In all these projects and tools, including the most promising Pundit, our experience demonstrated that none of them enables the exploitation of a full-fledged domain ontology, driving the annotation user interface, and including an effective support to the definition and characterization of new entities, as required by the PRiSMHA approach.
In the last few decades, many efforts have also been spent integrating and connecting heterogeneous ontologies. The so-called alignment operation aims at building a generic and shared schema that plays its role as an interface between syntactically and semantically heterogeneous metadata [Alma'aitah et al.

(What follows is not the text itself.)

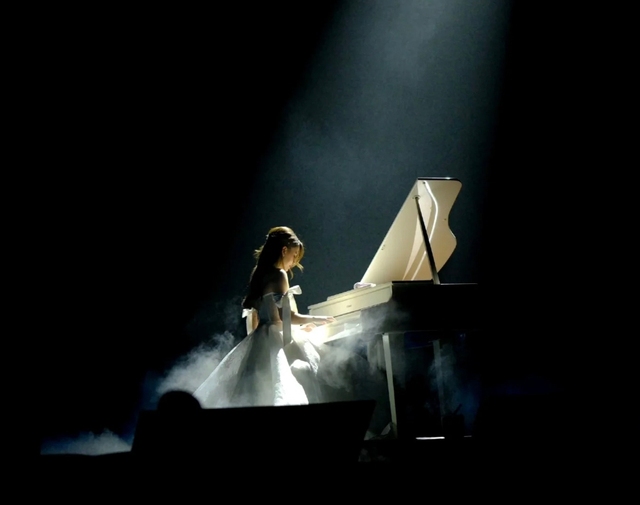 在璀璨的聚光灯下,你如同一位落入人间的天使。舞台,那方寸之地,此刻成为了你独自拥有的世界。银白色流沙礼服裹挟着她的身躯,琴音潺潺,编织着一种近乎凝固的安宁,随着你演奏的动作,微微摆动,仿若云朵在轻舞。手指如同灵动的蝶,在黑白相间的琴键上翩翩起舞。每一个触碰,都像是在平静的湖面投下一颗小石子,激起的音符涟漪,缓缓荡漾在整个剧场之中。周围的黑暗被灯光驱散出一小片天地,那柔和的光线倾洒在身上,仿佛身上镀上了一层神圣的光辉。粉丝席的轮廓在背景中若隐若现,烟雾缭绕其间,正当大家以为舞台就是这样时倏地——你的手指在某个音符上稍作停留,随即,几乎是悄无声息地、带着一种下定决心的轻盈,从琴凳上站了起来紧接着,如同被这消散的余韵悄然唤醒,一段截然不同的旋律,如同细密的雨丝,轻盈却清晰地渗透进来,你原本身穿着的长裙也“嘶”的一下被你扯掉,变成了一件的夏日风短裙

2020]. The CIDOC-CRM ontology is probably the best-known project aimed at supporting integration and connection of heterogeneous sources of Cultural Heritage knowledge [Crofts et al.

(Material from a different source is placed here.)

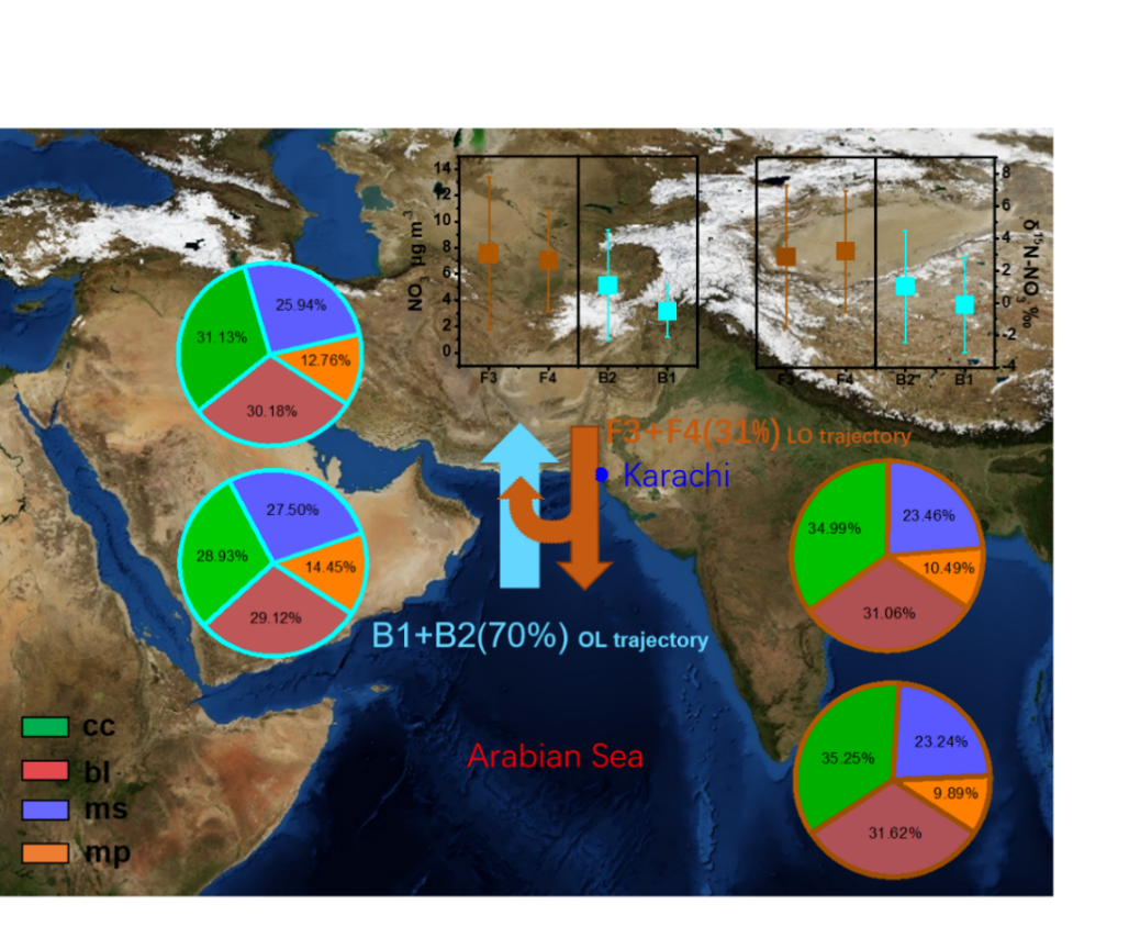 (5)为了验证该方法的普适性,与巴基斯坦COMSATS信息技术学院合作,将该大气NOx的来源解析方法应用到热带地区,结合排放源海陆性质,解析了阿拉伯海地区海洋源对巴基斯坦重要城市卡拉奇NOx的贡献特征,贡献约为16.8%,其中闪电源、船舶源与微生物源分别贡献了20.3%,46.3%和33.4%。相关研究结果发表于环境科学与工程领域期刊Environmental Science & Technology(IF=7.864)。

2003]. Other projects are worth mentioning, like, for instance, the REACH project [Doulaverakis et al.
2005], aimed at defining an ontology-based representation in order to provide enhanced unified access to heterogeneous distributed Cultural Heritage digital databases, mainly focused on Greek and Roman Antiquity.
Hyvönen et al. [
2005] have successfully carried out the MuseumFinland project, with the objective of building a single access point to more than 15 museum collections. The software combines databases transforming them into a shared XML format, thus obtaining syntactic interoperability. Semantic interoperability is obtained by translating from XML to RDF, exploiting seven domain ontologies.
Daquino et al. [
2016] developed two ad hoc ontologies to describe the Zeri Photo Archive catalog, aligned with CIDOC-CRM. Finally, two initiatives should be mentioned: Data for History (dataforhistory.org), which offers a web-based platform supporting ontology development and alignment with CIDOC-CRM, and ArCo (wit.istc.cnr.it/arco), an initiative whose goal is to develop a knowledge graph for Italian Cultural Heritage by aligning top-level models and ontologies characterizing properties and actions for Cultural Heritage curation.
The majority of ontological models related to the Cultural Heritage domain, including CIDOC-CRM along with the other mentioned ones, are mainly designed with curation in mind. This implies that they usually include a fine-grained characterization of cultural resource types, properties, and actions that can be taken with them. The goal of the ontology we developed within the PRiSMHA project is to model the concepts and relations representing the content of cultural resources. In this perspective, the major part of our ontology is not about Cultural Heritage, but about the domain Cultural Heritage “talks about.” Only a very small part of our ontology, in fact, is used to model archival documents as such, fragments they are composed of, and the relation between fragments and semantic representations of their content.
To conclude, we mention the work by Dragoni et al. [
2016], which presents a general architecture for knowledge management platforms, together with an implementation (MOKI-CH), in the Cultural Heritage domain. The authors identify a set of requirements for the presented architecture, among which the most interesting for the approach presented in this article is
data exposure and data linking, which represent a goal of the PRiSMHA project (as mentioned in Section
1 and explained in Sections
3 and
4).
3 The Architecture, the Ontology, AND the Annotation Platform
Figure
4 shows the architecture of the PRiSMHA prototype. As already stated, the goal of the project was the design and development of a prototype of the
Crowdsourcing Platform, with its User Interface (
Crowdsourcing Platform UI), which is driven by the
ontology (
HERO and
HERO-900) and aims at populating the
Semantic KB (implemented as an
RDF triplestore). The Semantic KB, together with the
ontology, represents the above-mentioned
semantic layer, which contains a formal machine-readable representation of the content of archival documents. As stated in Section
1, PRiSMHA implements a hybrid strategy, by integrating user-generated content, provided through the Crowdsourcing Platform, and automatic techniques, represented by the
Information Extraction (IE) module, which identifies relevant entities within textual documents, and the
LOD linking module, which supports the connection of the Semantic KB with datasets in the LOD cloud.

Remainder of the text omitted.